I slept that night in the end, though I vowed to myself I would not sleep until my mother was safe; it came to me, descended upon me, an anxious tortured sleep, even now I remember that. I remember that night, waking in the darkness, raising my head to look around me, the peaceful breath of my sleeping comrades, the dim light where Yefat sat reading a book and humming to herself, the large windows of light the moon cast across the floor. And all the time knowing that she was gone, lost, that Father and I could not find her, could not locate her in the darkness.

A
VI
, D
AVID
says, his whisper loud in the night, you are awake, I can hear you. He is pacing around his cell again, his footfall relentless, purposeful in the silence. Avi, he says, don’t you wonder why I am here. You want to know why I’m here, don’t you, Avi? You want to know?

David, I answer, we are all here by choice. I walk to the door of my cell, his face appears through the bars of the door opposite me. It’s good to talk, Avi, he says. A jackal howls in the distance, and I move to my window, waiting for dawn to arrive. One month, I say, I’m here for one month, you’re here for one month. The time we should be in the Reserves doing our service. After that we leave, I say, that’s it.

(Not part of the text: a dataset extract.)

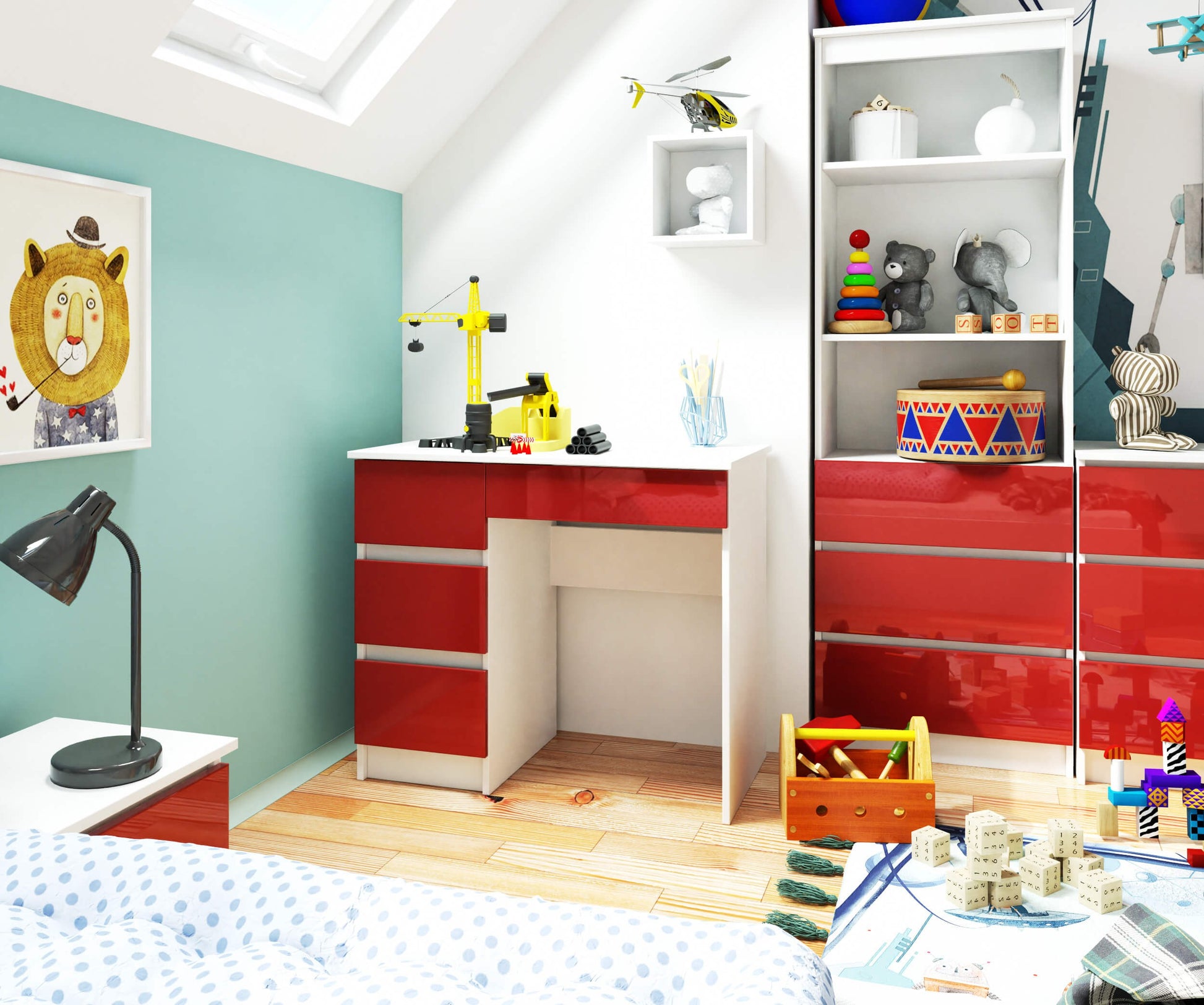 Nietuzinkowy kolor biurka przyciąga wzrok, a jego funkcjonalność sprawia, że prezentowany produkt jest w stanie sprostać oczekiwaniom nawet najbardziej wymagających użytkowników. Mebel łączy w sobie biały korpus oraz efektowne, czerwone fronty w wysokim połysku, które czynią biurko wyjątkowym. To propozycja odpowiednia do niewielkich pomieszczeń z uwagi na małe gabaryty konstrukcji. Biurko komputerowe A-7 90 cm. (lewe) składa się czterech szuflad. Znajdzie zastosowanie przede wszystkim w pokojach dziecięcych oraz młodzieżowych, ale także biurach urządzonych w nowoczesny sposób.

David calls after me, my last army service, he says. I sit down on the stone floor of my cell, trace my finger through the dust, the scar on my face throbs in the cooler night air. We were on the way to the territories, he says, when we were diverted. Some sort of protest, he says, things got out of control, and we were diverted there to help regain control of the situation. He sighs. A man, he says, a man got shot. I was near him.

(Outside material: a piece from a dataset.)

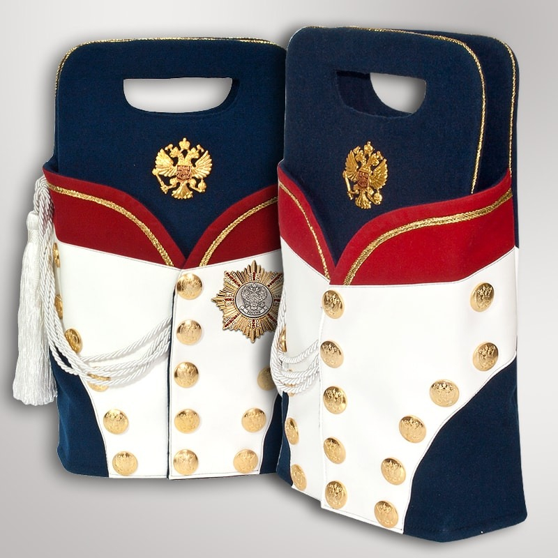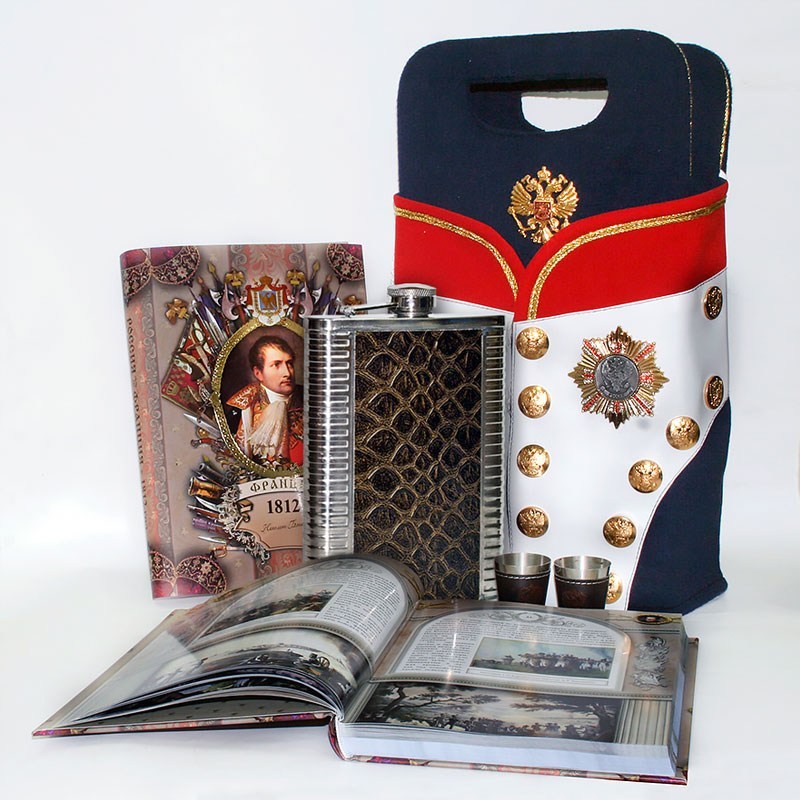 Подарочный набор "Фельдмаршал" - это оригинальный подарок для людей, которые чтут традиции России, её победы и достижения. Внешний вид упаковки (кофр) стилизован под военную униформу российской армии 1812 года (офицерский мундир). Такой подход позволил придать подарку неповторимость и очень оригинальный вид. Кофр универсален, он может вмещать в себя любые подходящие по размеру подарки. Продукция уникальна, аналогов нет, это собственная разработка нашей компании.

I hear him shuffling around in the darkness, turning away from the door of his cell, moving back to the bars. I didn’t pull the trigger, he says, but I was near him. I saw everything. He is silent for a few moments. He went down right away, he says. There was a woman with him, she was pregnant and in distress. I tried to help her, he says, I tried to calm her down, but it was obvious pretty quickly that something was wrong. I stand, move to my doorway again, he is standing at his door, hands clasped against the bars. Something wrong medically I mean, he says. Maybe shock, I don’t know. But she couldn’t calm down, she was leaning over the man and she was hysterical, clutching her stomach and screaming. I tried to tell her he was dead and that she needed to save herself. And the baby. He starts to cry. She was about six months pregnant. I held her hand, he says, I tried to calm her down, tried everything I could think of, though I don’t think she realised I was there, but then I was ordered to move away.

What did you do, I say.

I moved away, he says, what else was there to do. I don’t know what happened after I left, but I heard her screams for a long time.

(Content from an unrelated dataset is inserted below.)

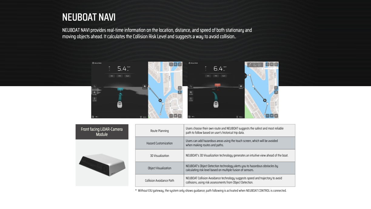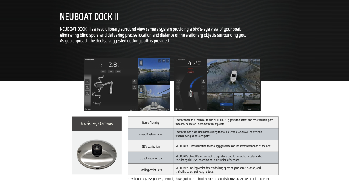 We offer the Avikus NEUBOAT line of products – including the DOCK II 360° Camera and NAVI LiDAR Systems. These smart navigation and docking solutions use advanced sensors and cameras to help you navigate with confidence and provide a stress-free boating experience.
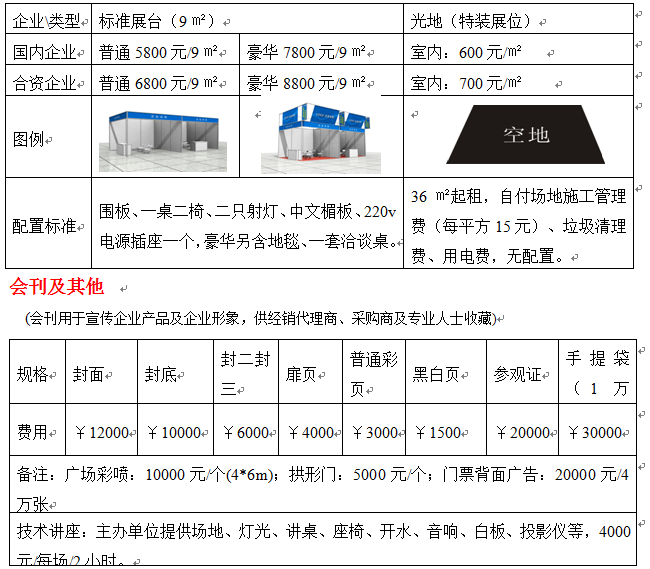 參展費用 (注:雙向開口展臺加收1000元人民幣的角位費)

David, I say, you need to be quiet. They will hear you. He turns away. He says, they are watching television they won’t hear, and anyway they don’t really care most of the time. They will, I say, they will hear and they’ll punish us. After I left her, he says, I noticed the crowd watching her, but they were scared to approach. I stare into the dimly lit corridor, at the black door of his cell opposite me. I knew the man was dead immediately, David says, I knew he was dead. She did too. I took his hand to feel for a pulse but there was none there. When I let go, his hand just fell to the ground.